Denbigh’s two steam engines are categorized as
"diagonal" engines, based on the way they are mounted in the hull. The axis of
each engine’s cylinder is aligned fore and aft. The two engines are aft of and below
the paddlewheel shafts, so that the cylinders’ axes lie at a shallow angle, about 15
degrees from horizontal. The engines, which were built at Lairds’, are a matched
pair, with each being a mirror image of its twin across the ship’s centerline. The
top of the valve chest on each engine is about level with the upper surface of the deck
beam amidships, and the engines themselves sit relatively high up in the hull.
The specifications of Denbigh’s engines, taken
from both historical documentation and examination of the site, are as follows:
|
Nominal power: |
100 horses (total for both
engines) |
|
|
Indicated power: |
500 horses (total for both
engines) |
|
|
Cylinder internal
diameter: |
40 inches (102cm) |
|
|
Cylinder external
diameter: |
48 inches (122cm) |
|
|
Length of stroke: |
3 feet 6 inches (107cm) |
|
|
Steam pressure: |
22 lbs (about 1.5 atmospheres
above ambient) |
|
|
Engine speed: |
38 to 40 rpm max. |
|
Each engine consists of a single cylinder. They are
double-acting, that is, steam from the boiler is released
alternately into each end of the cylinder, so that actual power is applied to the piston
moving in both directions. At the end of each stroke, waste steam is vented directly into
a condenser. The purpose of the condenser is to convert the spent steam back into liquid
water that can be returned to the boiler for recirculation. Although the condensers on Denbigh
have not yet been excavated, it was common at the time for marine condensers to use an
injection of relatively cold seawater to quickly condense the spent steam. This was an
important part of the engine’s operation, as the partial vacuum that resulted in the
condenser helped to "pull" the piston in the cylinder, and produce substantially
more force than the engine’s low operating pressure would suggest. Indeed, early
steam engines were often referred to as "vaccuum" engines, because it was this
effect that provided the majority of force working on the piston.
Normal operation would be to keep both engines and drive
trains mechanically connected so that the paddlewheels turned at the same speed. This
eliminated much needless minor adjustment of each engine in order to match paddlewheel
speeds exactly. However, each engine could be run independently, in both forward and
reverse, and turn the paddlewheel on that side of the ship independent of the engine and
paddlewheel on the opposite side of the ship.
Click
here for a large (600kb) animated GIF image of Denbigh's engines.

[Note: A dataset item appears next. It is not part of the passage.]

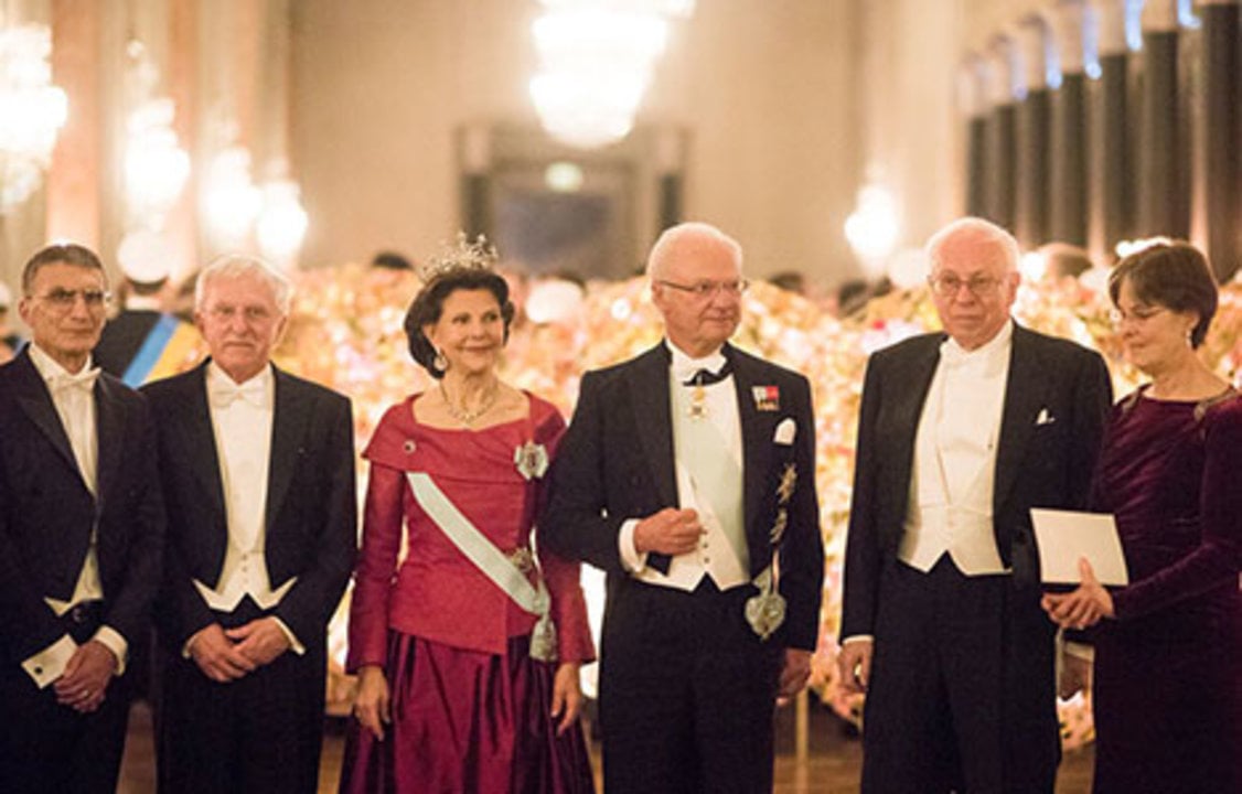 7 (of 13) The Swedish Royal Family receives the Nobel Laureates and their significant others in the Prince's Gallery. From left: Chemistry Laureates Aziz Sancar and Paul Modrich, Queen Silvia and King Carl XVI Gustaf of Sweden, Chemistry Laureate Tomas Lindahl, and Dr Vickers Burdett, partner of Paul Modrich.

The injection of steam into the cylinder and the exhaust
of spent steam into the condenser is controlled by a rectangular valve chest atop each
cylinder. Although the valve chest on the port side engine, the only one excavated,
appears to have been partially disassembled by salvors in the 19th century, it is possible
to describe its functioning in general terms, based on contemporary engineering texts.

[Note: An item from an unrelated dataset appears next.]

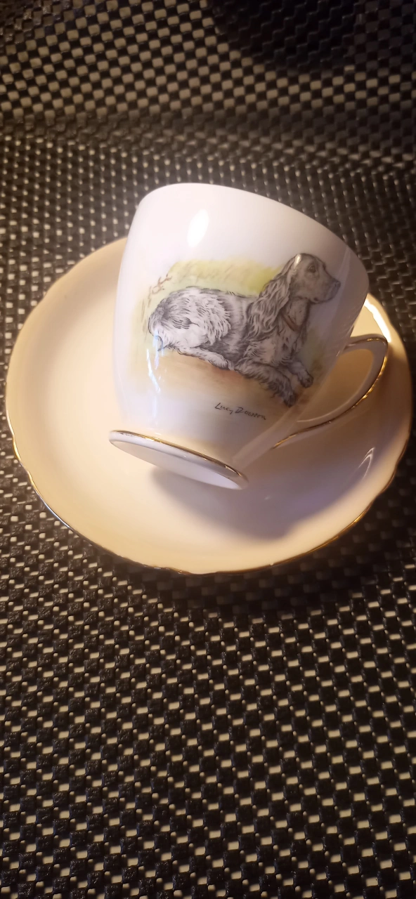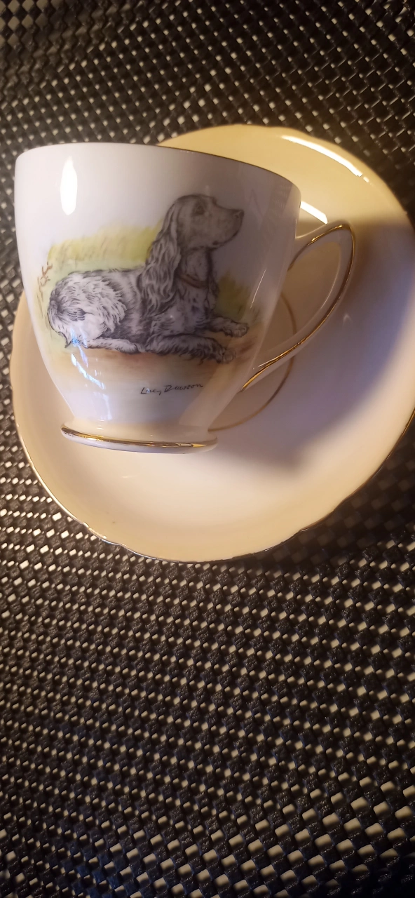 This is a Shelley Fine Bone China tea cup and saucer from the 1930s. It features a painted dog design and gold trim. There was 4 styles made and this is the number 2. Very limited set. The cheapest I have seen it is $700. and I'm not kidding. Please research for yourself! It's a lovely addition to any tea collection! In like new condition.

A concept model showing a possible arrangement of one of Denbigh's engine
cylinders. The boxlike valve chest, at top, feeds steam alternately into one of two
channels leading to either end of the cylinder. This steam pushes the piston back and
forth, giving the engine its basic motion. At the same time steam is circulated through
cavities in the cylinder walls. This "jacketing" improves engine efficiency by
keeping the cylinder warm and reducing condensation within the cylinder itself.

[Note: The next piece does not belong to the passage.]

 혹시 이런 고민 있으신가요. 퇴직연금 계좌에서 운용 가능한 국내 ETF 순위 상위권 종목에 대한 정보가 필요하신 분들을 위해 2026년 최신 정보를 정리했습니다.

There are two valves in the
chest, a cutoff (or expansion) valve and the main slide valve. The main slide valve
assembly sits directly on top of the cylinder and slides on a machined face. The cutoff
valve consists of two blocks connected by a double reverse screw. The cutoff valve slides
within the main slide valve assembly, sitting directly on the top of the main slide
valve’s ports. In effect, the cutoff valve regulates live steam to the main valve
ports, which in turn passes it into alternate ends of the engine cylinder, pushing the
piston back and forth. At the same time, the spent steam from the previous stroke is
exhausted out of the cylinder to the condenser, where it will be converted back to liquid
water and returned to the boiler. The cutoff and main valves are themselves powered by the
rotating paddlewheel shaft via eccentrics (see below).
An overhead view of Denbigh's engines and
paddlewheel shafts. Red arrow
indicates the connecting rod recovered at the end of the 2000 field season.
The motion of each engine’s piston rod was
transferred to the paddlewheels via a connecting rod. This iron rod, which measured about
eight feet (2.44m) in overall length, changed the engine’s fore-and-aft motion to a
rotary motion at the crank on each paddlewheel shaft. The connecting rod of Denbigh’s
port engine was recovered during the 2000 field season. As
detailed drawings of the area were being prepared, it became clear that the ends of the
connecting rod had been detached from the piston rod and paddlewheel crank, probably in an
effort to salvage the engine's bronze fittings shortly after the ship grounded and burned.
This 19th century salvage attempt greatly simplified the recovery of the connecting rod
135 years later. The connecting rod, as recovered, was estimated to weigh 1,150 pounds
(520kg).
What appears to be a single shaft running across the
center of the ship with a paddlewheel on either end is actually three shafts – one
for each wheel and a so-called "intermediate shaft," that was used to connect
the two to allow them to operate in unison. A pair of eccentrics – disks mounted
off-center on each paddlewheel shaft – were linked to the cutoff and main slide
valves in the valve chest to synchronize the flow of steam in and out of the engine with
the rotation of the main shaft. |